Palestinian journalist (1922–2008)

Raja Issa El-Issa (رجا عيسى ﺍﻟﻌﻴﺴﻰ) (1922 – December 1, 2008) was a Palestinian journalist.

==Early life==
El-Issa was born in Jaffa to the prominent Palestinian Christian El-Issa family. The family is known for its 'intellect, politics and literature'. Eleven years before his birth, his father Issa El-Issa founded the pioneering Falastin newspaper.

==Career==
El-Issa took the managers position of the newspaper after his father's death, and later became the first chairman of the Jordan Press Association in Amman, Jordan, 1956. The slogan El-Issa advocated in the press sector for nearly a quarter of a century was the saying of Mustafa Kemal: "Freedom is not dear to a people who work to obtain it. They strive to achieve it... the rock melts and crumbles as the water falls on it drop by drop."

On Falastin,

"Falastin was published in Jaffa from 1911 until April 1948. All newspapers stopped in one day. After we closed, they started firing mine launchers at Jaffa city very intensively. With a capable ability, the sea was filled with ships in order for the people to board, and this is what happened. The people of Jaffa left homes, interests and jobs. They are all gone... they are all gone... there was no one left. Two weeks before the closure, I traveled to Egypt and could not return. I returned for the first time in November from Beirut, and then back to Egypt, and later returned to Yafa from the sea from Alexandria. I went again to Egypt and was not able to return to Jaffa because the travel was impossible and difficult. There was no travel by ships, nor travel by land or air, or anything. All of Falastins printing equipment, all paper stores, old issues and collections, drafts, and all of its material possessions in Jaffa had been lost."

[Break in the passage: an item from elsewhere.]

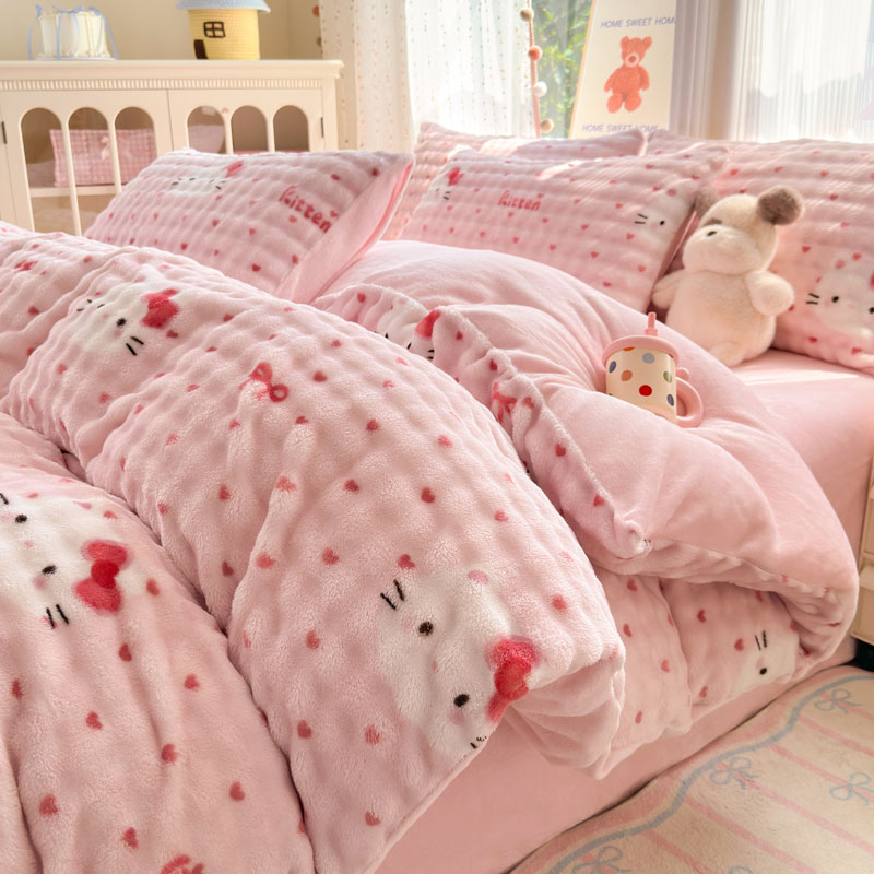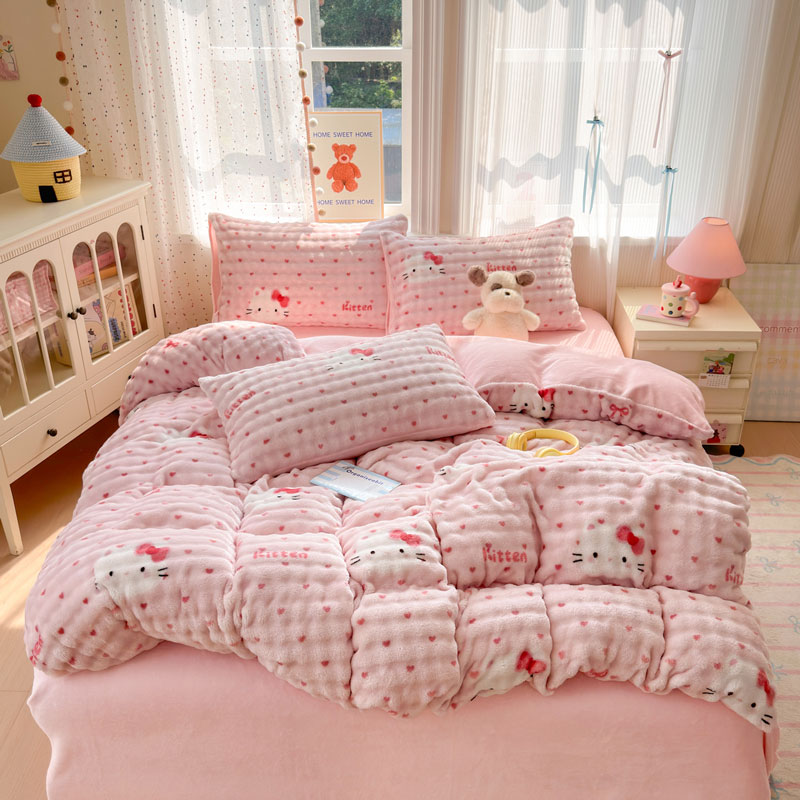 B泡泡牛奶绒四件套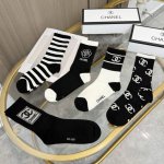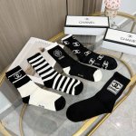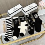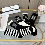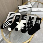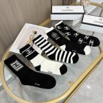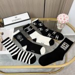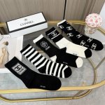 A box of five pairs of Chanel high-quality, super popular trending socks, featuring the same lettering as the official Chanel website, mid-calf socks, highly recommended by Instagram celebrities and influencers, made of pure cotton, lightweight, soft, and breathable, suitable for all seasons, a must-have for European and American high-end street style.

The newspaper continued to be published in East Jerusalem until 1967 when it was merged with Al-Manar to produce the Jordanian-based Ad-Dustuor newspaper based in Amman, which is still published today. El-Issa wrote an influential opening editorial for the paper in 1967 titled “Between Me and Her, Companionship and Life.” It reflects on his childhood dreams, the emotions of a bully, and youthful determination. As El-Issa said,

"I saw the light, and it is my address to the challenge. A platform for insight and a call for preparation. It motivates people to resist the Zionist invasion and the conspiracies of colonialism."

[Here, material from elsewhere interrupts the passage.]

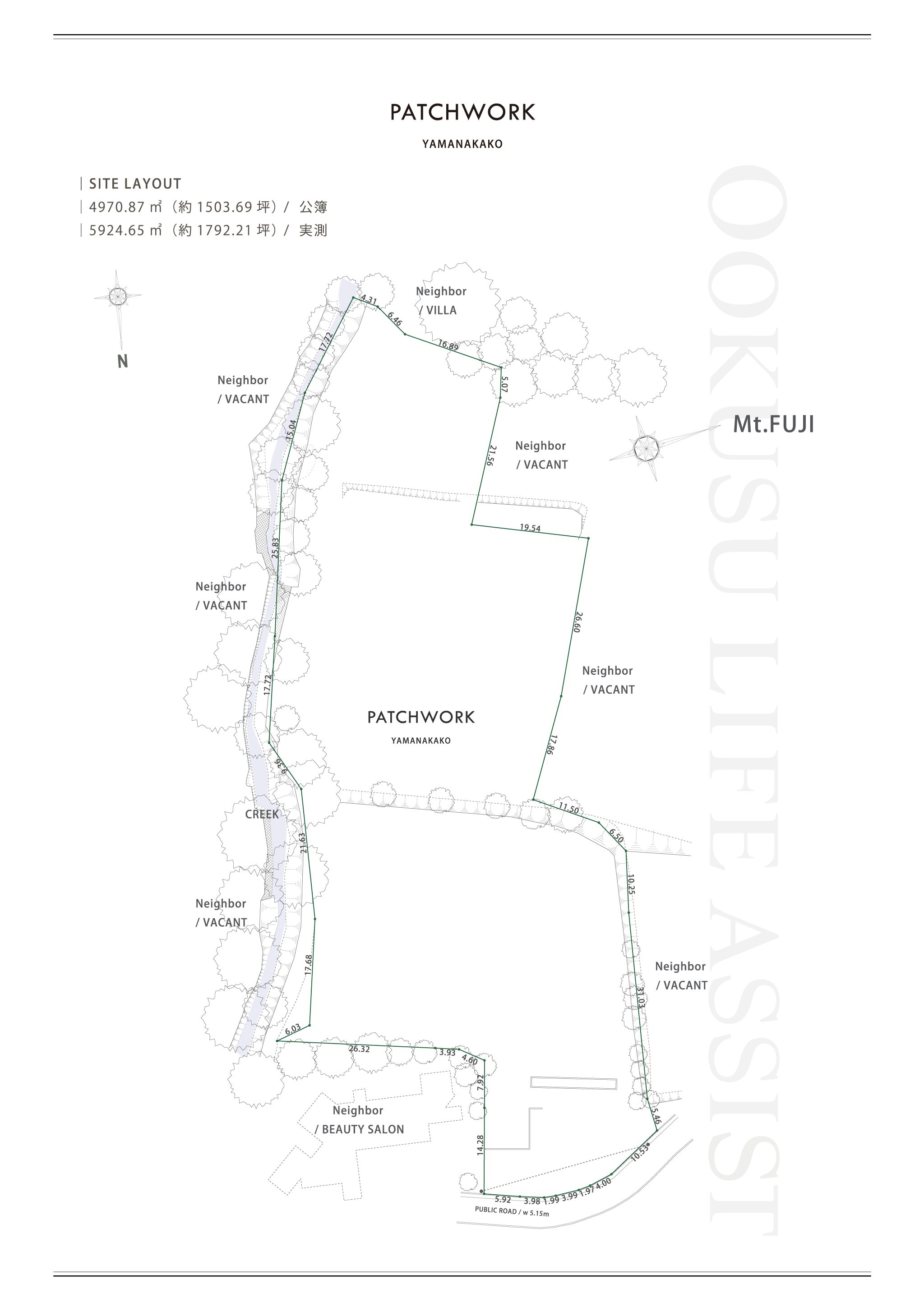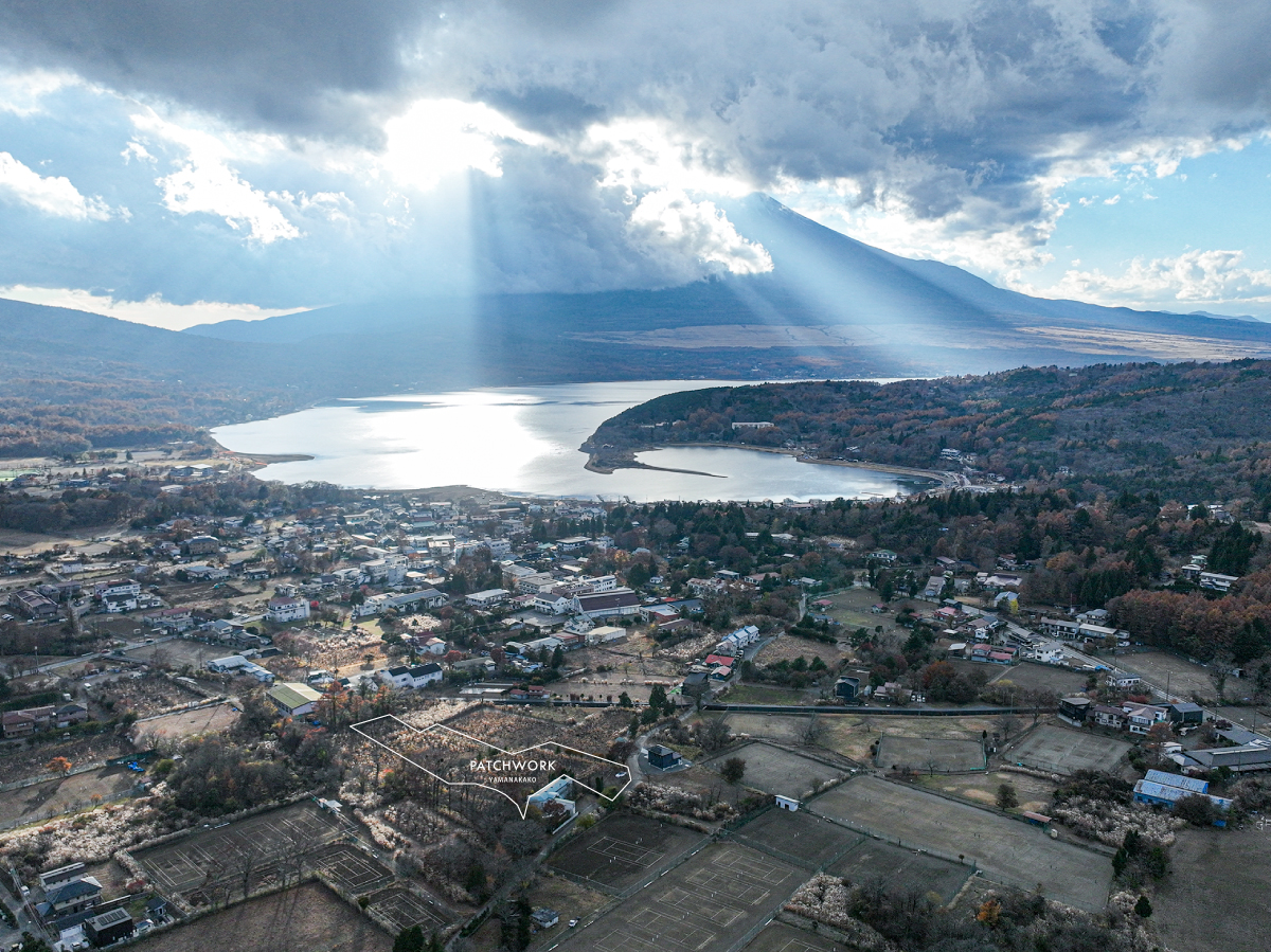 南都留郡山中湖村平野に位置する売地「PATCHWORK」は、敷地の正面に富士山の雄姿を捉える希少なロケーションを備えた開発ポテンシャルの高い物件である敷地の実測面積は約5,924㎡(約1,792坪)と、宿泊施設やショップを併設する商業計画にも十分に対応するスケールを誇る。東富士五湖道路「山中湖IC」から車で約14分と、ツーリスト導線に自然と組み込まれる利便性を持つ。山中湖の外輪山に囲まれた穏やかな環境と、富士山を真正面に据える絶好の眺望が揃うことで、多彩なアイデアを縫い合わせる“パッチワーク”の名にふさわしい創造性あふれるフィールドとなっている。

On the attempted assassination of his editor-in-chief by rebel elements,

"One of the events that I have not forgotten in my life is the attempted assassination of my editor-in-chief Youssef Hanna by some rebel elements because of his political stance towards them. However, he was not harmed. Professor Youssef Hanna went and wrote an article, which is one of the most beautiful articles I have read. It was titled My Arab Brother.

I even remember that those responsible behind this attempted assassination apologized to Youssef Hanna and kissed his head due to the severity and excessive emotionality of the tone in the article."

==Personal life==
El-Issa was married to Nadia, a Syro-Lebanese woman. He died on 1 December 2008 at the age of 86 in Amman.